Mein Coachingtermin mit Danilo war auch wieder richtig spitze. Ich komme bei ihm einfach nicht aus dem Grinsen raus. Er gibt mir so viele tolle und wertvolle Inputs, dass es nach unserem Telefonat direkt weitersprudelt im Kopf. Viele Denkanstöße und Feedbacks, die ich von ihm erhalte. Normal ist er auch eine Stütze, wenn ich in mein Loch zurückfallen könnte. Ich muss natürlich am Ball bleiben, ich muss selbst hart an mir arbeiten, sonst werde ich es nicht schaffen. Dessen bin ich mir bewusst. Sobald ich mich hänge lasse, mich auf die Coach zurückziehe, den Fernseher anmache, die Chips und die Schokolade in mich hinein esse und mir dann einrede, dass ich glücklich bin... dann kann ich ganz schnell wieder zurückfallen. Das fällt mir gerade bewusst auf, dass so volle Tatendrang bin, so voller Energie bin, dass ich gar nicht müde werde und einen Hänger bekomme, sondern mich wundere, wie schnell - ohne Arbeit, also ohne festen Job - der Tag an mir vorbei saust. Keine Müdigkeit, keine Esssucht, kein Fernseher... es fällt mir extrem leicht und irgendwie habe ich mich schon längst dran gewöhnt. Man braucht nur ein paar Tage die alten Gewohnheiten ablegen, die neuen Gewohnheiten im Unterbewusstsein einbrennen und dann gehts mit Vollmarsch durch den Tag.

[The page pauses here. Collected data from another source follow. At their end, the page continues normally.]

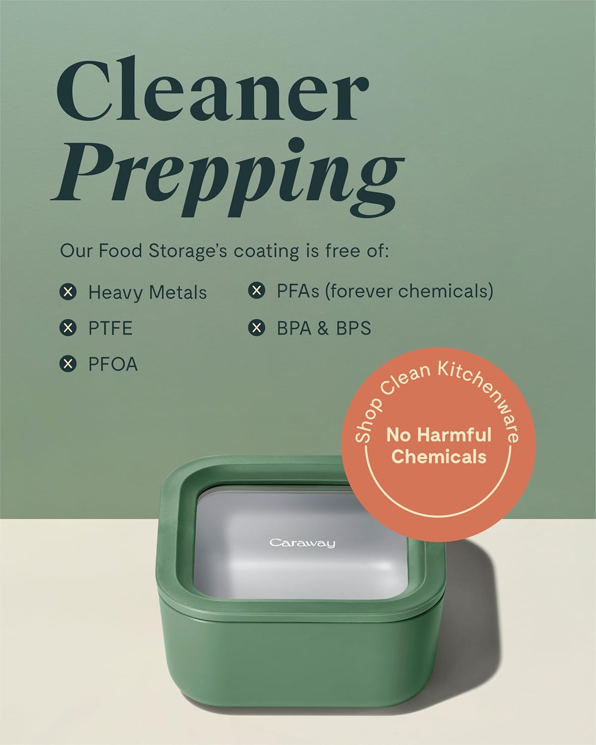 - KEEP YOUR FOOD FRESH: Look forward to leftovers with Caraway’s easy-to-store, non-toxic food storage containers. These 4.4 cup glass containers were designed to be displayed and keeps your food fresh & organized.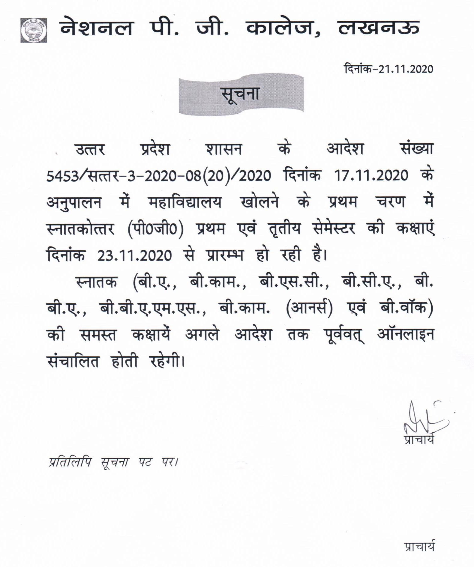 Notice for Resuming of Offline Classes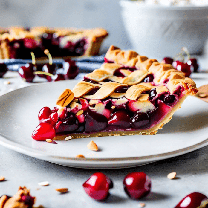 Cherry Almond Pie is a delightful twist on the classic cherry pie, adding a rich, nutty flavor to the sweet-tart cherries with the addition of almond extract and a flaky almond crust. This pie features a buttery, golden crust that encases a luscious cherry filling, enhanced with the subtle warmth of almond. The combination of juicy cherries and the crunch of sliced almonds on top creates a perfect balance of textures and flavors. Ideal for a summer gathering or a festive holiday dessert, this pie is a treat that will satisfy any sweet tooth and leave a lasting impression on your guests.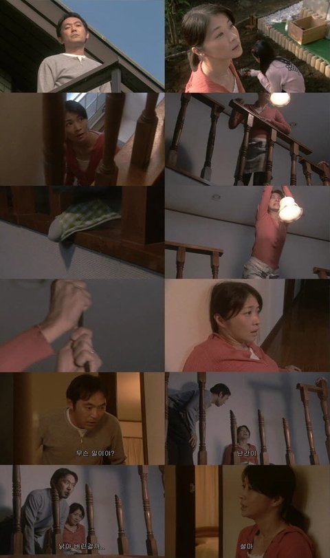남편을 따라 올라간 여자는 난간에서 추락할 뻔 합니다.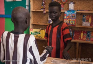 IN THE PHOTO: SOUTH SUDANESE REFUGEE CHILDREN PLAY SHOP IN THE CHILD-FRIENDLY SPACE AT NGUENYYIEL CAMP. HERE, REFUGEE CHILDREN COME AFTER SCHOOL TO PLAY, LEARN AND DO THEIR HOMEWORK. CREDIT: UNHCR/DIANA DIAZ
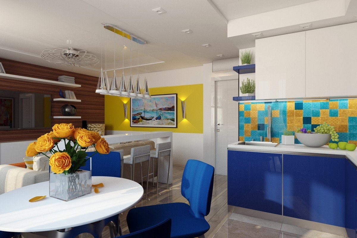 Кухня в сине желтом цвете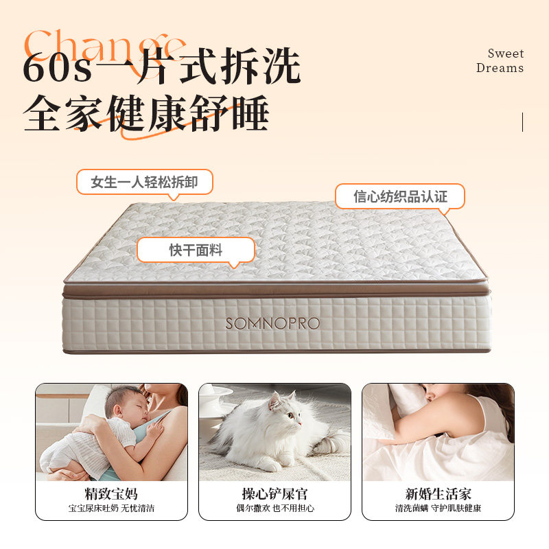 天猫穗宝记忆棉床垫可拆洗席梦思家用独立弹簧海绵软硬东方梦流光浮云

Den Tag nutze ich, um Unterlagen für's Arbeitsamt fertig zu machen und um mit den EBooks loszulegen. Das Erlernte vom Wochenende in die Handlung umzusetzen. Es dauerte zwar ein wenig, weil die ein oder andere Herausforderung da war, ich die Software direkt parallel auf zwei Rechnern installiert habe, damit ich von unterwegs arbeiten kann, aber ich habe alles hinbekommen. Check. Bei einer letzten Herausforderung zur Nischenanalyse habe ich mir den Support zu Nutze gemacht. Bevor ich da lange selbst herum docktere. Innerhalb der nächsten 10 Minuten war auch dieses gelöst. Das ist klasse, so tolle Menschen im Hintergrund an seiner Seite zu haben. Man kann direkt weitermachen. Die notwendigen Dokumente habe ich mir auch schon runtergeladen. Der nächste Schritt ist nun, dass ich bei meinem Logo und Firmenname so langsam final werde. Bisher habe ich mir meine Ideen immer aufgeschrieben und seit Tagen immer wieder verfeinert. Immer wieder Brainstorming gemacht. So langsam wird es stimmig. Durch das Gespräch mit meinem Mentor hatte ich auch wieder neue tolle Impulse. Dann kann ich morgen mit den Texten loslegen und mir eine Grafikerin, einen Ghostwriter und ein Lektorat auszusuchen. Auch hier haben wir tolle Ansprechpartner mit sehr gut verhandelten Preisen an die Hand bekommen. Das macht es wirklich einfach. Mein Mentor gibt keine Hausaufgaben für diese Woche auf, weil er sieht, dass ich im absoluten Tatendrang bin und mir selbst die Ziele setze. Ein schöneres Kompliment kann er mir grad gar nicht machen.

DAS EINFACHSTE GLÜCKSREZEPT: WENIGER DENKEN.

EINFACH MAL WENIGER DENKEN UND MEHR TUN!